WNU Editor: A poor choice of words from the FBI Director .... there were Nazi collaborators in Poland (just as there were everywhere else) .... but the mass majority of Poles were not. The op-ed that has caused all of this controversy is here .... Why I require FBI agents to visit the Holocaust Museum (James Comey, Washington Post)
More News On Poland's Reaction To The FBI Director's Comments That Some Poles Were Accomplices In The Holocaust
Poland fury at Holocaust comment by FBI's James Comey -- BBC
Poland furious at FBI director over Holocaust remarks -- CBS/AP
Poland summons U.S. ambassador over FBI head's Holocaust remarks -- Reuters
Poland Summons U.S. Ambassador Over FBI Chief’s Holocaust Comments -- Wall Street Journal
Poland demands apology for FBI chief's comment on Holocaust -- The Guardian
Poland furious over FBI Holocaust comments, summons US envoy -- Deutsche Welle
FBI Director’s Washington Post Columnn Leads to Diplomatic Spat With Poland -- Slate
US envoy apologises to Poland over FBI chief's Holocaust claim -- AFP
FBI director got it wrong on the Holocaust -- Anne Applebaum, Washington Post
5 comments:
WNU Editor,
Some reading on the current subject:
http://tabletmag.com/jewish-news-and-politics/101123/nazi-collaborators-or-victims
Jay ... thanks for the link. I can spend all night talking about this subject. My father never talked much about his wartime experience in Poland. He saw one death camp .... and as he told me later .... it is a smell that he will never forget. But to him the Poles were mainly hiding as best as they could from the fighting ... and Soviet soldiers were given strict orders that Poles were to be treated as a liberated people .... not as an ally of Nazi Germany .... but he did encounter Polish prisoners who were in the Waffen SS.
On a side note .... during the occupation my father mentioned to me that he was astounded with what he saw in Germany. That after fighting the Nazis for almost 4 years .... when he finally ended up in Germany .... there were no Nazis around.

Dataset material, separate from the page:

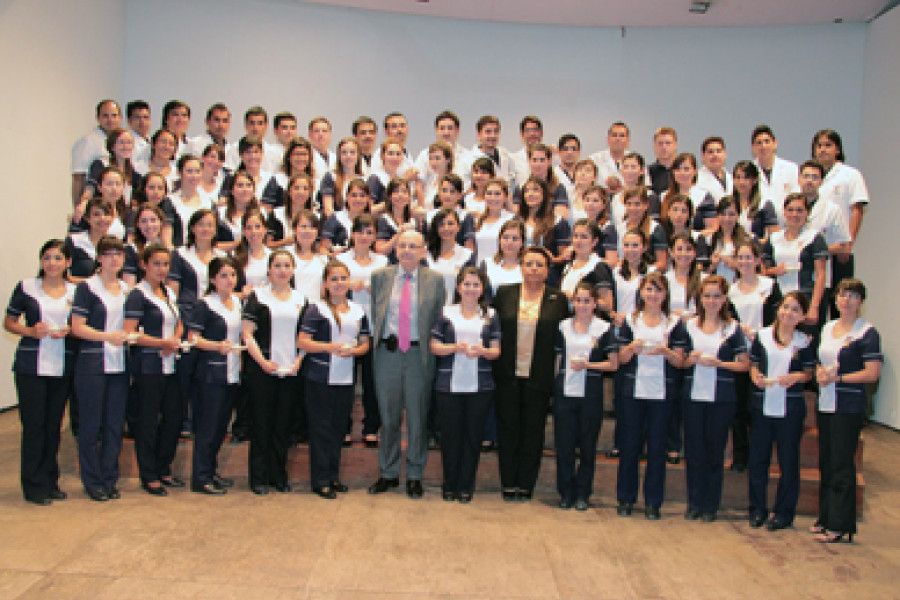 En una ceremonia realizada recientemente en el Aula Magna de nuestra Universidad, la Escuela de Enfermería tituló a una nueva generación de enfermeras y enfermeros quienes acompañados de sus familias, hicieron el Juramento Profesional.En el evento, el decano de la Facultad de Ciencias Médicas, Dr. Humberto Guajardo, agradeció a los académicos por su compromiso con la educación y a los estudiantes “por haber preferido esta Universidad para estudiar” y los instó “a hacer frente a los desafíos que vienen con el sello social que caracteriza a nuestra Casa de Estudios Superiores”.Por su parte, la directora de la Escuela de Enfermería, Marta Maturana, dijo a los jóvenes que “este es un día que marca sus vidas, hoy ustedes son más que egresados, son profesionales de la Enfermería”.Asimismo, la máxima autoridad de la Escuela, instó a los nuevos titulados a mantener el vínculo con su Alma Mater y a “llevar en sus corazones los valores y el escudo de la U. de Santiago. Siéntanse orgullosos de su formación”, subrayó.La presidenta del Centro de Estudiantes de Enfermería, Sofía Carreño, coincidió con las palabras de la directora Maturana, quien señaló: “ustedes son líderes innatos, demuestren lo bueno que son y jamás olviden su origen”.En la ceremonia recibieron reconocimientos las estudiantes Denisse Hidalgo Sandoval, premiada como Mejor Estudiante de la Generación 2012 y Fabiola Calquín, reconocida por la Fundación de Egresados y Amigos (Fudea) por su compromiso con nuestra Casa de Estudios.Luego de la presentación de la tuna femenina de la Facultad de Ciencias Médicas, y tras recibir sus respectivos certificados, las nuevas enfermeras y enfermeros de la U. de Santiago pronunciaron el juramento de Florence Nightingale, pionera de la enfermería moderna, manteniendo cada uno en sus manos una lámpara encendida, ante la mirada emocionada de sus familiares y amigos.

Comey's comment was pretty innocuous, and was truthfull,
The Polish "overreaction" is as the Tablet article noted, based in the Nationalist need to create an AltHistory, and is something that Stalin did all the time.
You can't learn from history, ( not that most humans learn anything from history, When Nationalist Myth replaces actual history.
So true about the present growth of nationalism in eastern Europe .... and while the Western press is more focused on "Russian nationalism", it is in places like Ukraine, Poland, etc. that the "hard-core" nationalism is starting to spread.
The mass majority in any country that wasn't an active war zone was just trying to get on with its life - or, more likely in Eastern Europe, to survive the increasingly heavy-handed German occupation.
About the no Nazis comment though... different people had different impressions. The Allies (including the Soviets for those purposes) would not have noticed it I suppose, but plenty of German intellectuals that were in Germany immediately after the war (and into the late 40s) did complain that the a large chunk of the population was still Nazi, "if Hitler came back today they would all be for him" (Ernst Wiechert, as quoted by Thomas Mann).